Willis's research focuses on reconstructing long term responses of ecosystems to environmental change, including climate change, human impact and sea level rise. She argues that understanding long-term records of ecosystem change is essential for a proper understanding of future ecosystem responses. Many scientific studies are limited to short-term datasets that rarely span more than 40 to 50 years, although many larger organisms, including trees and large mammals, have an average generation time which exceeds this timescale. Short-term records therefore are unable to reconstruct natural variability over time, or the rates of migration as a result of environmental change. She also argues that a short-term approach gives a static view of ecosystems, and leads to the conceptual formation of an unrealistic "norm" which must be maintained or restored and protected. Her research group in the Oxford Long-term Ecology laboratory therefore attempts to reconstruct ecosystem responses to environmental change on timescales ranging from tens to millions of years, and the applications of long-term records in biodiversity conservation. She has argued that the impacts of contemporary climate change on plant biota is uncertain and potentially not as severe as researchers envision, and challenged assumptions made in the interpretation of spatially constrained temperature records. Kew's State of the World's Plants report (2016) pinpoints land cover change as the major threat to global biodiversity, not climate change.

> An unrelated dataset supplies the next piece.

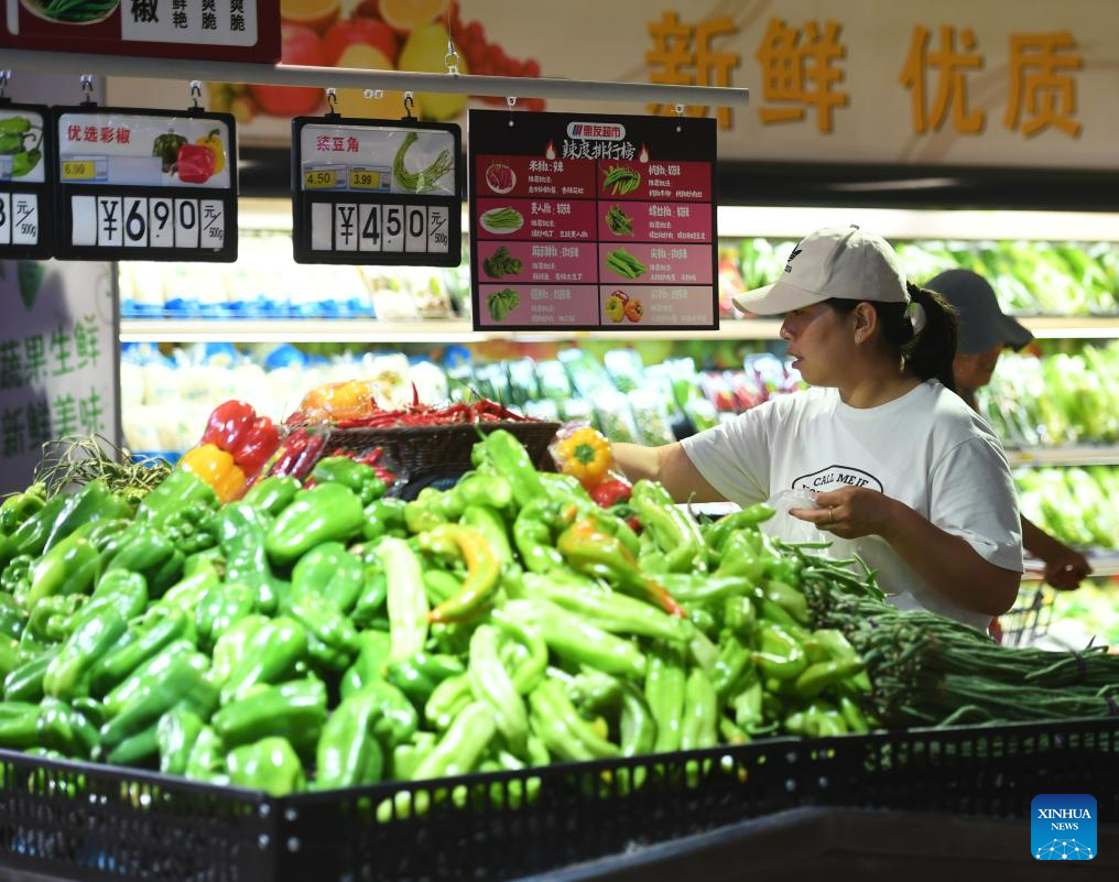 Citizens select vegetables at a supermarket in Zhuozhou, north China's Hebei Province, Aug. 10, 2023. Some markets, supermarkets and shopping malls have been returned to normal operation after the floodwater receded in Zhuozhou. At present, the supply of daily necessities in the city has been adequate with stable price. (Xinhua/Zhu Xudong)
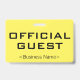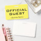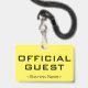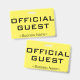 Este diseño de placa minimalista incluye el mensaje "INVITADO OFICIAL", y el nombre de una empresa de personalizable u otro mensaje de personalizado. Una insignia como esta podría ser usada para indicar que una persona es un invitado o visitante conocido y autorizado en un negocio o lugar de trabajo. [~Z0000307]

Willis's research has been published in Nature, Science, Philosophical Transactions of the Royal Society B, Biological Conservation. and Quaternary Science Reviews. With Jennifer McElwain she co-authored the textbook The Evolution of Plants. Her research has been funded by the Natural Environment Research Council (NERC) and the Arts and Humanities Research Council (AHRC).

==House of Lords==
She was nominated as a life peer by the House of Lords Appointments Commission on 17 May 2022. She was created Baroness Willis of Summertown on 8 July 2022. Hers was the last peerage created by Elizabeth II. She made her maiden speech on 8 September 2022 during a debate on Climate Change and Biodiversity: Food Security. She sits as a non-party-political crossbench peer.

== Personal life ==
Willis married Andrew Gant, a composer and Liberal Democrat politician, in 1992. They have two sons and a daughter.

==Awards and honours==

- Royal Society University Research Fellowship (URF)
- The Lyell Fund, Geological Society of London in 2008
- Elected a fellow of the Geological Society of London (FGS) in 2009
- Elected foreign member of the Norwegian Academy of Science and Letters
- Awarded the Michael Faraday Prize by the Royal Society, 2015
- Honorary doctorate, University of Bergen, 2017.
- Appointed Commander of the Most Excellent Order of the British Empire (CBE) in the 2018 Birthday Honours
- Elected a Fellow of the Royal Society in 2026.